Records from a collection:
┌──

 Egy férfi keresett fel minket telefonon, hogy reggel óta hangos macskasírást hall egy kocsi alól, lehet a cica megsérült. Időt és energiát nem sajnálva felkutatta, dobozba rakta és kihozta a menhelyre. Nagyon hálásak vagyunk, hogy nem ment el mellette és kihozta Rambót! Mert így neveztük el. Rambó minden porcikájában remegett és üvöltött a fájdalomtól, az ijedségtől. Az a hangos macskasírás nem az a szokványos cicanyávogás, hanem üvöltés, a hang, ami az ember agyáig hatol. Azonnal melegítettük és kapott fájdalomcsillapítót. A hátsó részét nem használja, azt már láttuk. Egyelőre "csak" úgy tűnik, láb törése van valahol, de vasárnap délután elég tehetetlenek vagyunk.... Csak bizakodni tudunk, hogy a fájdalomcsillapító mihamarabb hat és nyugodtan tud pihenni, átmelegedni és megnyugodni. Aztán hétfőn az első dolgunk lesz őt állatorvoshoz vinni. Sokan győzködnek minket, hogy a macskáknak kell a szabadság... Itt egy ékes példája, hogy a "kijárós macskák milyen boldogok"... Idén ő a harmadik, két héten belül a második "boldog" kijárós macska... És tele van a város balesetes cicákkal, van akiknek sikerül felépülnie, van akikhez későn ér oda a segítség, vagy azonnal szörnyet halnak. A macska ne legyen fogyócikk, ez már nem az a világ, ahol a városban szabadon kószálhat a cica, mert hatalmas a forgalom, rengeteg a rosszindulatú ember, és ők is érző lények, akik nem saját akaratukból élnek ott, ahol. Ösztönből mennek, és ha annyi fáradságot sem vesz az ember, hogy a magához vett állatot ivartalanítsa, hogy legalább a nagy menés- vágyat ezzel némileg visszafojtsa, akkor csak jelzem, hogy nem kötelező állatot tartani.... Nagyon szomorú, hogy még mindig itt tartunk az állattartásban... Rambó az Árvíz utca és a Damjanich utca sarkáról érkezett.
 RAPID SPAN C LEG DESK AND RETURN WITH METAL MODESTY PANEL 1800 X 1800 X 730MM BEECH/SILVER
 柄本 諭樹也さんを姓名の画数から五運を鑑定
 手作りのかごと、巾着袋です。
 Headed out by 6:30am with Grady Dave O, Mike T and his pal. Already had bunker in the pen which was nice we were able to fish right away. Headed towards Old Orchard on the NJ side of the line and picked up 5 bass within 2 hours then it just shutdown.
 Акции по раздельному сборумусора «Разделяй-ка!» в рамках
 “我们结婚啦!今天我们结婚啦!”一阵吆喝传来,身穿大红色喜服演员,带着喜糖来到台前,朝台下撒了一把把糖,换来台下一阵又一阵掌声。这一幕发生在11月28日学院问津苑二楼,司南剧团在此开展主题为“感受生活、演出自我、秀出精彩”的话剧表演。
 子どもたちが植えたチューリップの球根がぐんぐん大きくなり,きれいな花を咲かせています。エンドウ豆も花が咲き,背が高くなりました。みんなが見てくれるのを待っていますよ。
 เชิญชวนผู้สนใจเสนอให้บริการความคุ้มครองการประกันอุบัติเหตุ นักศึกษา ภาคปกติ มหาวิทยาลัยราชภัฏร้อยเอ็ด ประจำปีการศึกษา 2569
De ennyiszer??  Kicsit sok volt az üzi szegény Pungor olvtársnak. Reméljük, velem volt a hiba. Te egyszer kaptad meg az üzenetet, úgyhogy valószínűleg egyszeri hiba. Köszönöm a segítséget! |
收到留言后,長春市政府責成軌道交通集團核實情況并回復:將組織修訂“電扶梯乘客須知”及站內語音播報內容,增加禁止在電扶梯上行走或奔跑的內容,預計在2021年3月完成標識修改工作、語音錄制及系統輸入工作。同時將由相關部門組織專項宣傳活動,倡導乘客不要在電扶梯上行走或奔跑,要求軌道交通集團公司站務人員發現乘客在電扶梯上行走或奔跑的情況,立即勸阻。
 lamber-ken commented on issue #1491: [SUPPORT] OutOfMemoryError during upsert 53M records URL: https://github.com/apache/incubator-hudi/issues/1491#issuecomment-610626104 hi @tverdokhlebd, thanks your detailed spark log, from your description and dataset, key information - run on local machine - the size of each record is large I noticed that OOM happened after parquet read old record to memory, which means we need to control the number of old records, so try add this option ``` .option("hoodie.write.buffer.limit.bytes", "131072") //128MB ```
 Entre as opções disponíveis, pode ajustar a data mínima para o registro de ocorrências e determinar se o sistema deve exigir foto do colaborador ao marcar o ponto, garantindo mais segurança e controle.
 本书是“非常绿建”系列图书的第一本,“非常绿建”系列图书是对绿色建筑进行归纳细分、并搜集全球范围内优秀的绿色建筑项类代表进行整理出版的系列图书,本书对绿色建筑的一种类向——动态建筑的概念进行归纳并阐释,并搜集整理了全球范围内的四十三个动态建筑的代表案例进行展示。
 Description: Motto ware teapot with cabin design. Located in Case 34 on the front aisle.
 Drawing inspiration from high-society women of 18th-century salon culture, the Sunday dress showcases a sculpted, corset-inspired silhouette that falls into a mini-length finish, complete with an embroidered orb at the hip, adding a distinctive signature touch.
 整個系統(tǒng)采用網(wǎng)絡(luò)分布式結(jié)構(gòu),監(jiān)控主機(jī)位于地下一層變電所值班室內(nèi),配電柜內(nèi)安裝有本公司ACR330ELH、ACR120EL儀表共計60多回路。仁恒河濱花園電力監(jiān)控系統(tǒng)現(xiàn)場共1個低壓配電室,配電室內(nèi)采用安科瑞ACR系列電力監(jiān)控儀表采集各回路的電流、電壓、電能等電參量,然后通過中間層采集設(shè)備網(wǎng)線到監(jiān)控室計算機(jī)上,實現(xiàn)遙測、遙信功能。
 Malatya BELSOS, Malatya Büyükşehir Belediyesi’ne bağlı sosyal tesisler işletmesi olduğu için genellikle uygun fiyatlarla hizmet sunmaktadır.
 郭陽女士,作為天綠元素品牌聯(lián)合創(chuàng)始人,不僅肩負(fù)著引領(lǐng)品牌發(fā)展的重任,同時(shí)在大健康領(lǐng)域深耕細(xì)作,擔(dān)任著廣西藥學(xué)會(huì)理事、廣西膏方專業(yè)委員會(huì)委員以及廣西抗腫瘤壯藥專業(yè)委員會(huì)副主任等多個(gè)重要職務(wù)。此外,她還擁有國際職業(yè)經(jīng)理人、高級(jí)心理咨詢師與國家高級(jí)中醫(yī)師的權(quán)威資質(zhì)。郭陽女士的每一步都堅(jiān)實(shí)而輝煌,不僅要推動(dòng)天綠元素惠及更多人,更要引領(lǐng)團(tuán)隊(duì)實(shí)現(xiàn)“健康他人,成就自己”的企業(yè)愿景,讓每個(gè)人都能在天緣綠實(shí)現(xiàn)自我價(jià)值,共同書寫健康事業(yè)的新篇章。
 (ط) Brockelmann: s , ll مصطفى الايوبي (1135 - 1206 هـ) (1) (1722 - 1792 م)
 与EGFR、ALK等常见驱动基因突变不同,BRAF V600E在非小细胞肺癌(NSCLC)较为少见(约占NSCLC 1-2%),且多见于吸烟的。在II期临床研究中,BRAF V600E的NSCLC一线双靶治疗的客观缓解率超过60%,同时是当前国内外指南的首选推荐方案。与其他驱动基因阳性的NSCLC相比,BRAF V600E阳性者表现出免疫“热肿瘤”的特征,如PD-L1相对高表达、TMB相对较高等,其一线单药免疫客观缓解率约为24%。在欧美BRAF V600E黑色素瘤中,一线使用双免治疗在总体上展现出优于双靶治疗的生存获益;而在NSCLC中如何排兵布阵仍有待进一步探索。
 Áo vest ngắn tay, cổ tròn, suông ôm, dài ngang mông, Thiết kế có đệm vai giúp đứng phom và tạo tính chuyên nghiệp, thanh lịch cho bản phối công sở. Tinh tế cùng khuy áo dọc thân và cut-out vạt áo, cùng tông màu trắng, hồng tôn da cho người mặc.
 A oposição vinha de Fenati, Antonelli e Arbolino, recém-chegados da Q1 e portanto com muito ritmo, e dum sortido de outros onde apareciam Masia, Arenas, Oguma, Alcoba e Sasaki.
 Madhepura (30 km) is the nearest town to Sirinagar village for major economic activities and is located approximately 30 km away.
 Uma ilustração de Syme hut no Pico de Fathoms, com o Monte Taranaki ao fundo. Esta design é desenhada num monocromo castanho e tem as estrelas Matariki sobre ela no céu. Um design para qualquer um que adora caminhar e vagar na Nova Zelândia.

└──

[What is being asked]
Look back at the entries above. Retype the line with "郭陽女士,作為天綠元素品牌聯", the line with "(ط) Brockelmann: s", and all lines in between.

[Result for this task]
 郭陽女士,作為天綠元素品牌聯(lián)合創(chuàng)始人,不僅肩負(fù)著引領(lǐng)品牌發(fā)展的重任,同時(shí)在大健康領(lǐng)域深耕細(xì)作,擔(dān)任著廣西藥學(xué)會(huì)理事、廣西膏方專業(yè)委員會(huì)委員以及廣西抗腫瘤壯藥專業(yè)委員會(huì)副主任等多個(gè)重要職務(wù)。此外,她還擁有國際職業(yè)經(jīng)理人、高級(jí)心理咨詢師與國家高級(jí)中醫(yī)師的權(quán)威資質(zhì)。郭陽女士的每一步都堅(jiān)實(shí)而輝煌,不僅要推動(dòng)天綠元素惠及更多人,更要引領(lǐng)團(tuán)隊(duì)實(shí)現(xiàn)“健康他人,成就自己”的企業(yè)愿景,讓每個(gè)人都能在天緣綠實(shí)現(xiàn)自我價(jià)值,共同書寫健康事業(yè)的新篇章。
 (ط) Brockelmann: s , ll مصطفى الايوبي (1135 - 1206 هـ) (1) (1722 - 1792 م)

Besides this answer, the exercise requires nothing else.